Studies on the stereocontrolled synthesis of medium ring compounds.

Several approaches towards the synthesis of an acyclic molecule possessing one chiral centre along with suitable functionality to enable cyclisation to a medium ring were investigated. The intramolecular cyclisation reaction would create a second chiral centre so that two diastereoisomeric products would be possible. Potential cyclisation reactions appeared to include allysilane-aldehyde and allyl tin-aldehyde cyclisations. The first route attempted involved the coupling of an oxygen protected w-hydroxy-aldehyde with 3,3-diethoxy-2-bromopropene via a Grignard reaction or an alkyl lithium reaction, to generate the first chiral centre. A slight variation was also investigated. In this second case the key reaction to form the first chiral centre was the reaction of an oxygen protected w-hydroxy-a-bromoalkane with 2-(trimethylsilyl)methyl-2-propenal via a Grignard reaction.
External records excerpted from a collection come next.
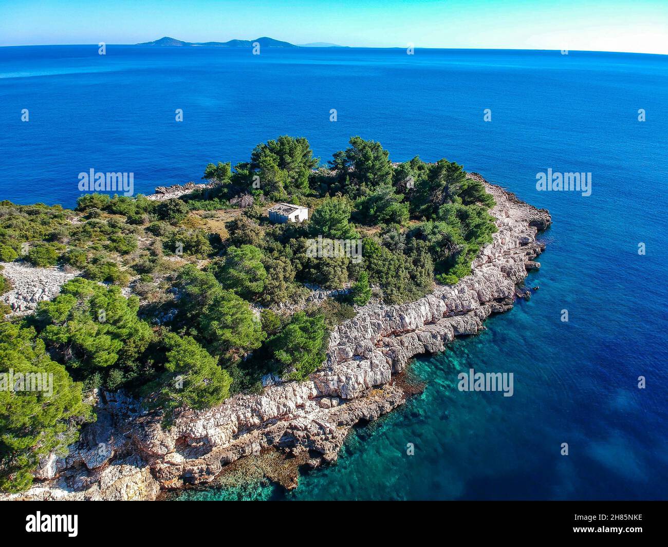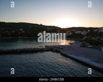 Aerial panoramic view over Patitiri the capital town of Alonnisos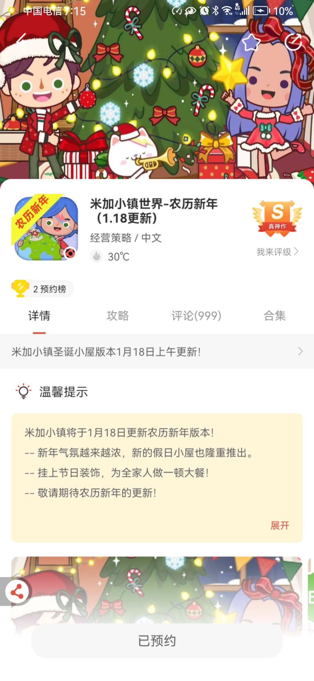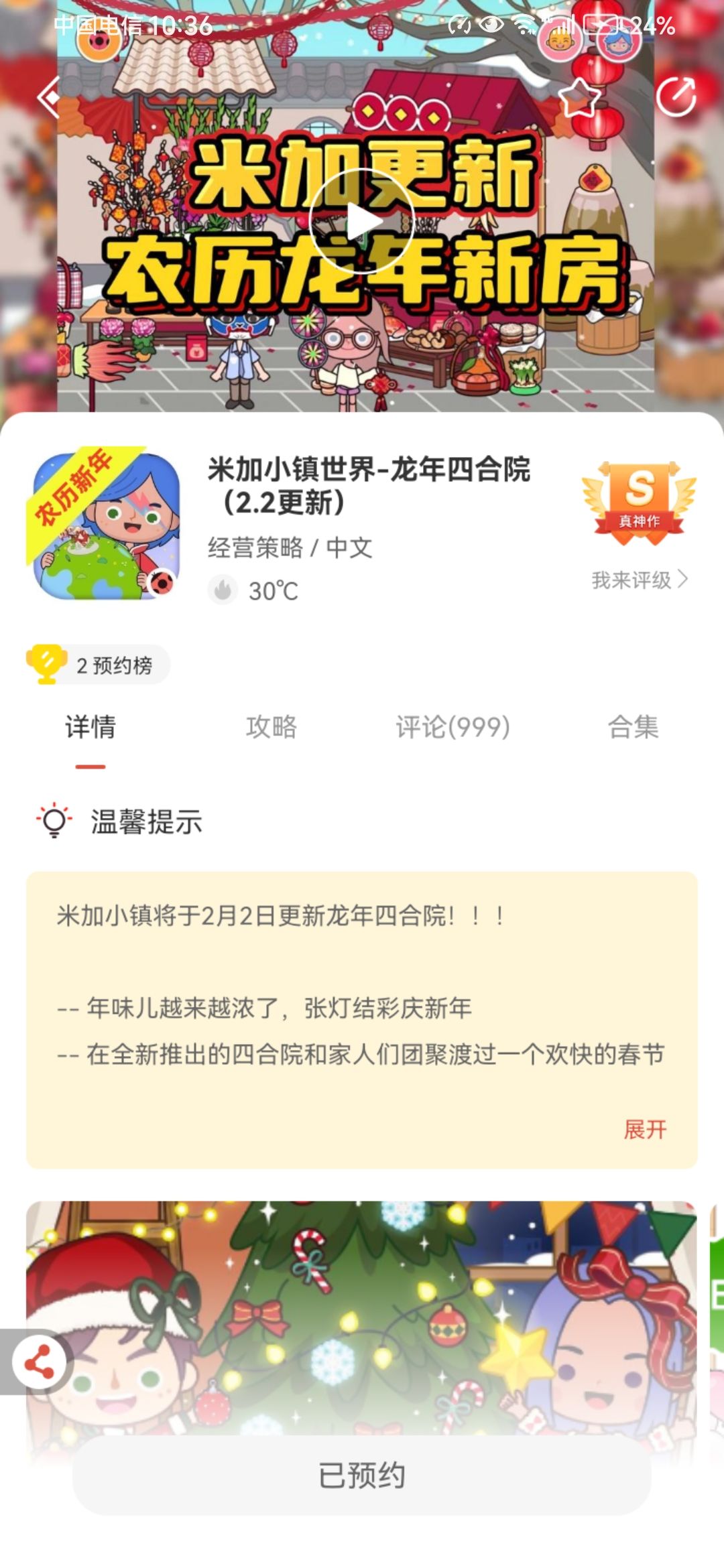 好消息,好消息。米加在1月18号更新圣诞小屋。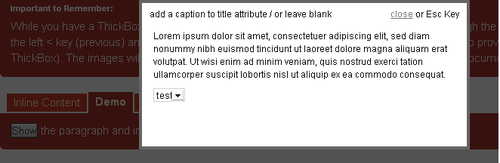 We can use ThickBox with images, content within iframes, and AJAX-based content. ThickBox also supports inline content (that is, content within the page that you are linking, as seen in the following screenshot), although this is not of interest to us in this application. Unlike Lightbox, ThickBox can also be used with Flash videos and games.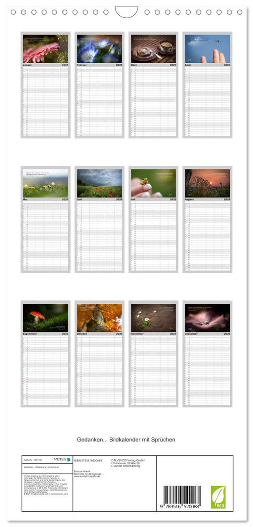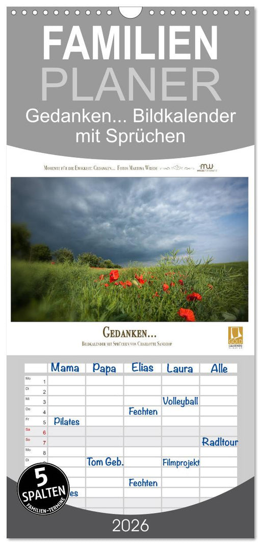 Afficher tous les détailsGedanken... Bildkalender mit Sprüchen (CALVENDO Familienplaner 2026)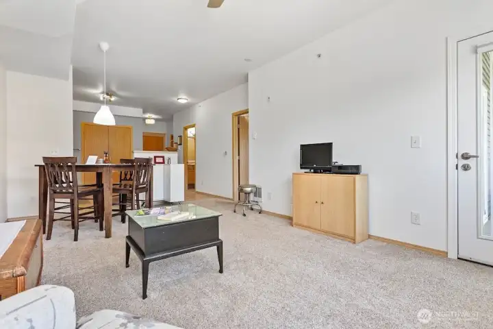 Well maintained light and bright 1-bed unit with 9 ft ceilings. Features an office/den, updated fixtures, washer & dryer in a large utilty room with lots of storage. Open layout with a private balcony ideal for morning coffee or evening relaxation. Living room shade controlling light and privacy, ceiling fan. Extra dressing space & vanity off bedroom w/walk-in closet opens to a full bath. Clubhouse w/kitchen, lounge, fireplace, and fitness center. 24 hour security. Close to Cordata park & trails, bus, WCC, shopping & restaurants. Perfect as a primary residence or income property with no rental cap! ASSUMABLE VA LOAN @ 2.875%

A third approach to the key reaction to introduce the first chiral centre involved the reaction of 2-bromo-3-(trimethylsilyl)propene with an oxygen protected w-hydroxy-aldehyde via Grignard reaction. The products of this reaction then underwent further reactions to generate acyclic molecules containing both allylsilane and aldehyde functionality mediated intramolecular allylsilane-aldehyde cyclisations were then performed. The reaction did not appear to be very stereoselective for the simple molecules which were investigated, as in all cases the diastereoisomer ratios were approximately 1:1. In an attempt to synthesise heterocyclic medium rings an intramolecular acetal initiated allylsilane cyclisation in the presence of Lewis Acid was investigated. It appeared that with the tetrahydropyranyl ethers which were investigated, deprotection of the alcohol group occurred with loss of Thp in preference to breaking of the alternative C-O bond which would have led to cyclisation and the formation of medium ring ethers.